Expectations are that the European Central Bank will be forced to admit that its radical pump-priming policies have failed to produce the desired results, forcing it to revise down its inflation expectations.
The central bank last year cut interest rates to zero and injected billions of euros into its member countries' economies, all to little avail.
In the US, Comey's appearance before the committee is expected to throw some light on President Donald Trump's involvement in the bureau's investigation into Russia's alleged involvement in last year's US presidential election.
In the Middle East, the small, rich and strategically important country of Qatar has been diplomatically isolated by its neighbours, including Saudi Arabia, and Iran is reeling from a terrorist attack in the capital, Tehran.
Oil prices slid nearly 5 per cent on Wednesday after the US government reported an unexpected increase in crude inventories, fanning fears of a worldwide oil glut. US light crude traded at US$45.72 a barrel.
Mark Lister, head of private wealth research at Craigs Investment Partners, said higher gold prices were reflecting nervousness about fully-priced world sharemarkets and the heightened risks around those markets.

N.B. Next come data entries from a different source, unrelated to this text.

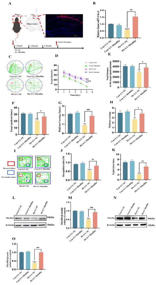 Overexpression of Mitofilin improves learning and memory in mice by affecting the expression of Mitofilin after chronic lead exposure. (A) Stereotaxic injection of AAV-SYN- tdTomato-P2A-Mitofilin virus into the mouse brain to create a model map. (B) Statistical analysis of mRNA expression levels in the hippocampus of mice following Immt expression, as detected by RT-qPCR. (C) Assessment of the water maze test trajectories in mice post-Mitofilin overexpression(The green line represents the animal trajectory, and the red circle represents the location of the water maze experiment platform.). (D) Statistical analysis of the escape latency period following Mitofilin overexpression. (E) Statistical evaluation of the total distance covered in the target quadrant after Mitofilin overexpression. (F) Statistical analysis of the duration spent in the target quadrant following Mitofilin overexpression. (G) The duration of Mitofilin overexpression was subjected to statistical analysis. (H) Statistical analysis was conducted on the frequency of platform crossings following Mitofilin overexpression. (I) An experimental track map was generated to assess the interaction with new objects in mice post-Mitofilin overexpression(The red square represents the new object position). (J) The cognitive index related to new objects following Mitofilin overexpression underwent statistical evaluation. (K) The frequency of new object exploration subsequent to Mitofilin overexpression was analyzed statistically. (L) Western blot analysis was conducted to determine the expression of overexpressing Mitofilin in HT22 cells after chronic lead exposure. (M) Gray-scale analysis was performed to quantify the expression level of overexpressing Mitofilin in HT22 cells following chronic lead exposure. (N) Western blot analysis was conducted to determine the expression of overexpressing Mitofilin in hippocampus tissue after chronic lead exposure. (O) Gray-scale analysis was performed to quantify the expression level of overexpressing Mitofilin in hippocampus tissue following chronic lead exposure. Data are presented as the mean ± SEM (n = 8). * p < 0.05 vs. Con+LV−NC; ** p < 0.01 vs. Con+LV−NC; *** p < 0.001 vs. Con+LV−NC; # p < 0.05 vs. Pb+LV−NC; ## p < 0.01 vs. Pb+LV−NC; ### p < 0.001 vs. Pb+LV−NC. Western blot original images are in the Supplementary Materials.
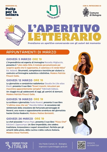BOLOGNA – Di seguito il calendario degli Aperitivi Letterari del giovedì del mese di marzo a Grand Tour Italia:
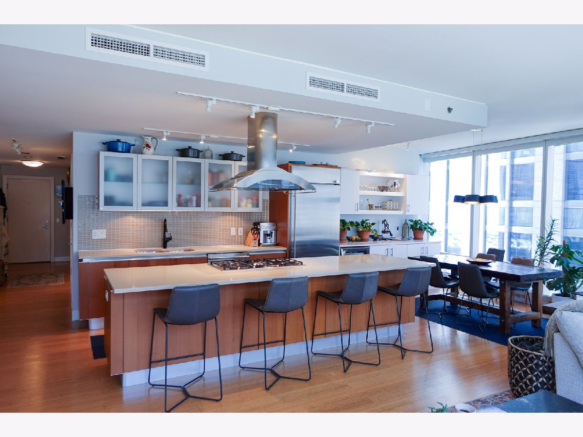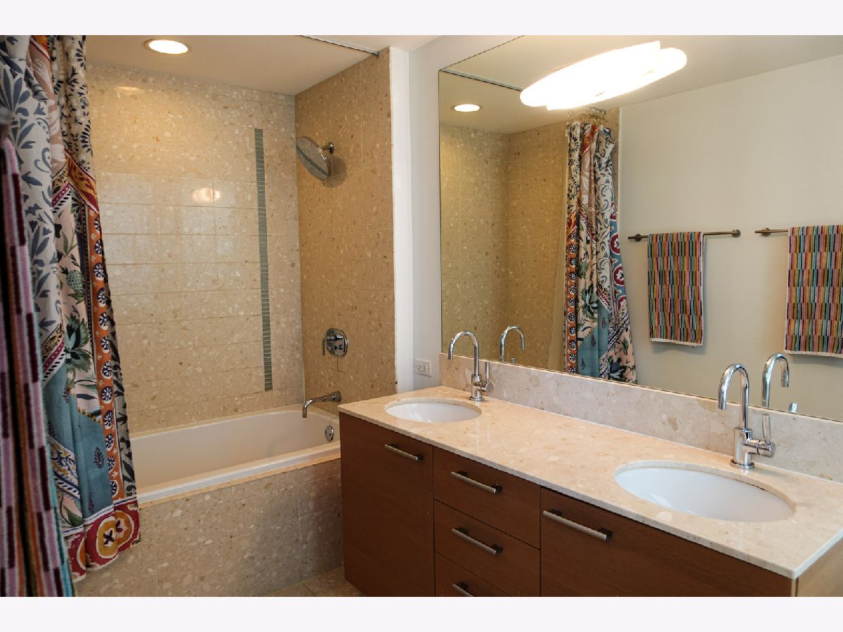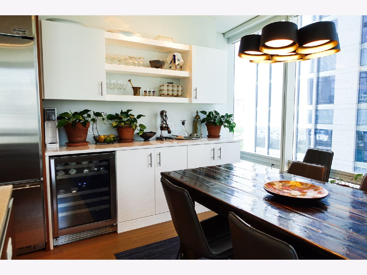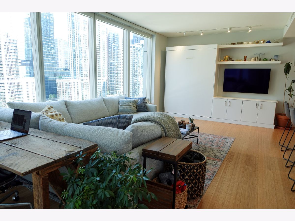 Now offered at an improved price, this sophisticated 1-bedroom, 1.5-bath home at 340 on the Park delivers luxury, flexibility, and exceptional custom storage in the heart of Lakeshore East. The residence features floor-to-ceiling windows, bamboo flooring, and an open layout with beautiful city views. Designed for both comfort and function, the kitchen is outfitted with GE Monogram appliances, Snaidero cabinetry, quartz countertops, and a dry bar with wine fridge. A standout custom built-in entertainment center includes a queen Murphy bed plus 10 extra cabinets, creating rare versatility for guests, storage, or work-from-home living. The generous floor plan offers room for living, dining, and office space. The primary suite includes a custom walk-in closet, in-unit laundry, and a spacious bath with dual vanity and soaking tub. A separate half bath adds everyday convenience. Residents enjoy premier amenities including 24-hour door staff, a fitness center, locker rooms, sauna, steam room, lap pool, jacuzzi, Wintergarden, sundeck with grills, private dining room, caterer's kitchen, pet relief area, and on-site dry cleaning. Heated garage parking and storage included. Special assessment paid. Broker owned.
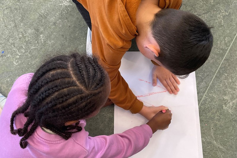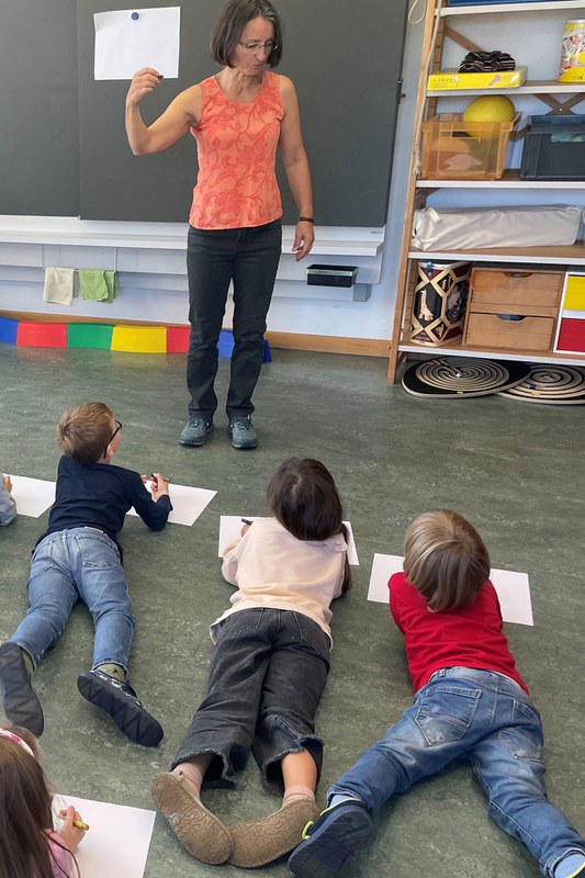 Ohne dass dies vorgegeben war, kommen in diesem Spiel schnell einmal die ersten Buchstaben ins Spiel, die einige Kinder schon kennen und benennen können. Aus den Diagonalen, die mit farbigen Stäbchen auf den Boden ausgelegt wurden, ergibt sich rasch einmal ein grosses W oder ein M. Und beim gruppenweisen Zeichnen auf dem Bauch erkennen die Kinder spielerisch, dass sich bei den Kritzeleien wie von selbst einzelne Buchstaben ergeben. Das grösste Kompliment an diese spielerische Art des Heranführens an die Handschrift kam beim Besuch des Schulblattes ganz am Schluss: «Was, die Stunde ist schon fertig?» sagte mehr als ein Kind zu Catherine Gerber mit staunenden Augen. «Und wann kommen Sie wieder, um die Geschichte von Maxi weiter zu erzählen und mit uns zu malen?» Peter Wittwer
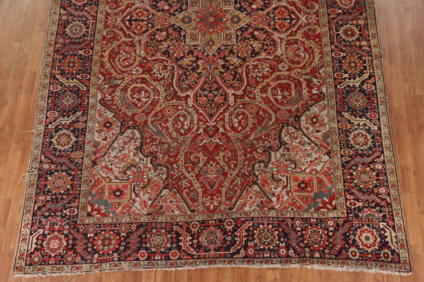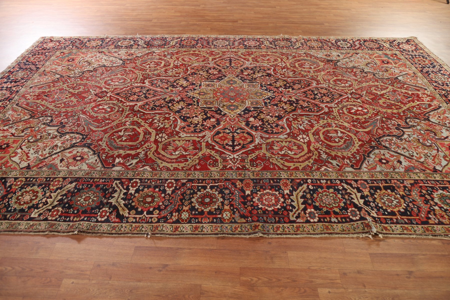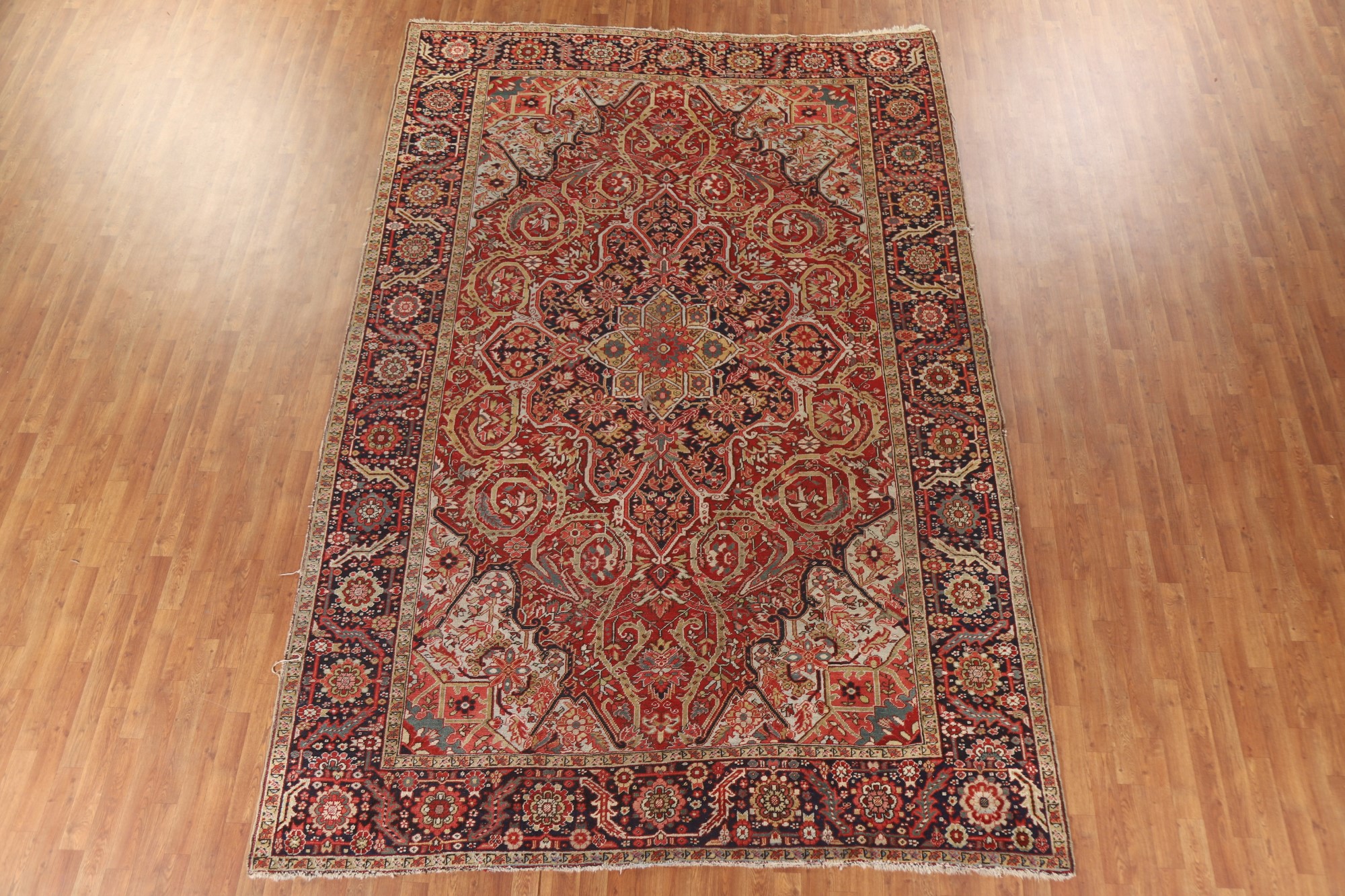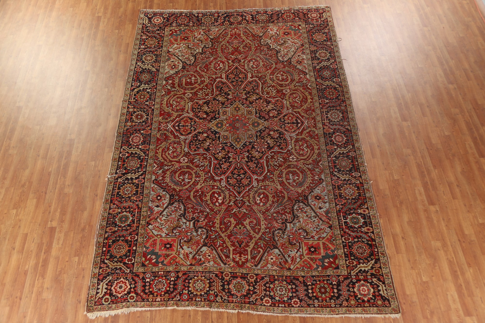 Antique Area Rug 8x13 ft.Pre-1900 Vegetable Dye Heriz Serapi Oriental Wool Rug
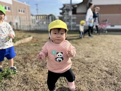 頑張っています♪園庭でかけっこや行進の練
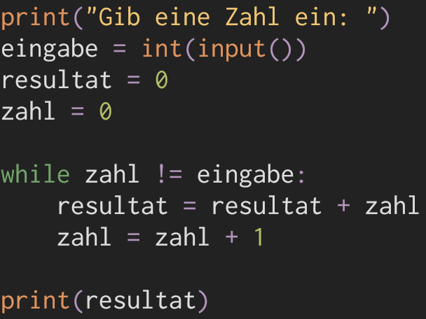 Es werden alle Zahlen bis zur, aber ohne eingegebener Zahl zusammengezählt!
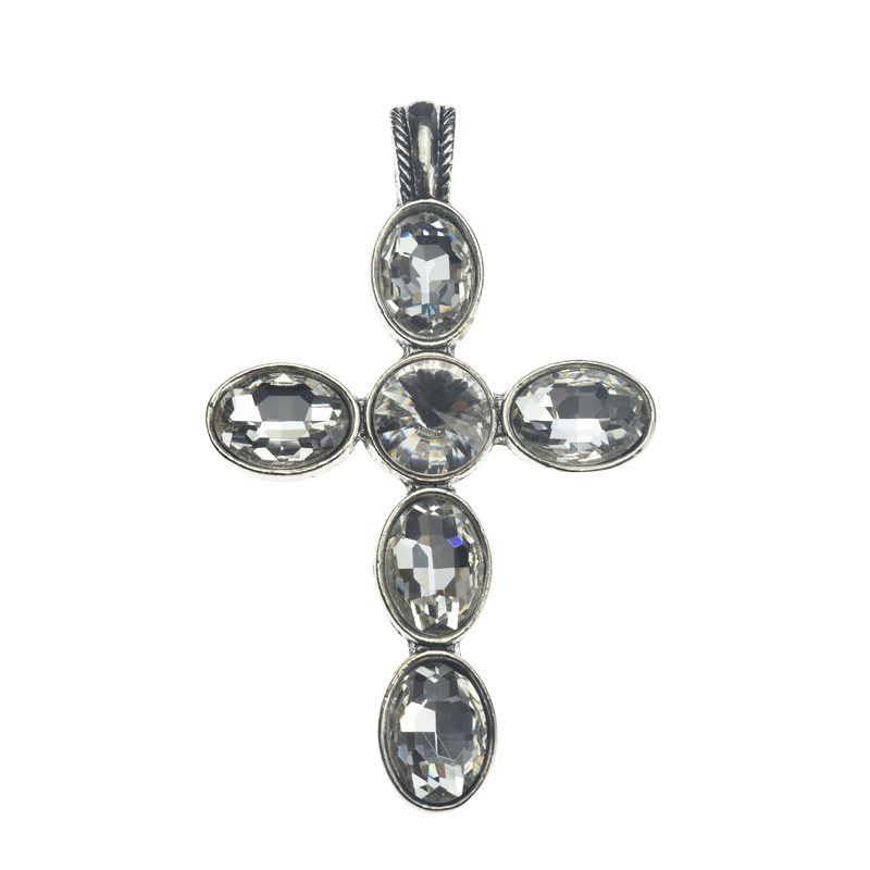 75x47mm Antique Silver with Clear Lead Free Pewter Cross Pendant(A12254) quantity

"Sharemarkets are still not far off record highs, which just adds another element as well, because it potentially puts them in a slightly more precarious position if something negative comes out of left field," Lister said.
Despite the uncertainty, America's VIX - a widely followed index which is designed to show the market's expectation of 30-day volatility - has remained quite low.
ANZ Bank chief economist Cameron Bagrie said geopolitical uncertainty had not so far directly translated to market volatility.
But Bagrie said world growth could slow in the second half of this year and the first half of 2018, if heightened political uncertainty persisted.
"I'm surprised that the markets are telling us that it's a low-volatility world, whereas everything I'm seeing tells me that it's a high-volatility world," Bagrie said.
"There are no shortage of fuses to light the bomb, and you only need a small fuse to light a big bomb."
Castle Point fund manager Stephen Bennie said markets looked to be out of step with heightened risk.
"It's strange that the VIX is so low, but everyone agrees that the risks are really high," Bennie said. "It's a paradox that you have to get your head around - one of low volatility and high risk."
Craig Investment's Lister said New Zealand was unlikely to feel the fallout from the election result and the other elements of "super Thursday".
"The good news for us is that we are tracking along quite nicely," he said.
"We have our issues - the housing market, high debt levels, and our reliance on China - but the business sector is going pretty well and the economy is chugging along nicely."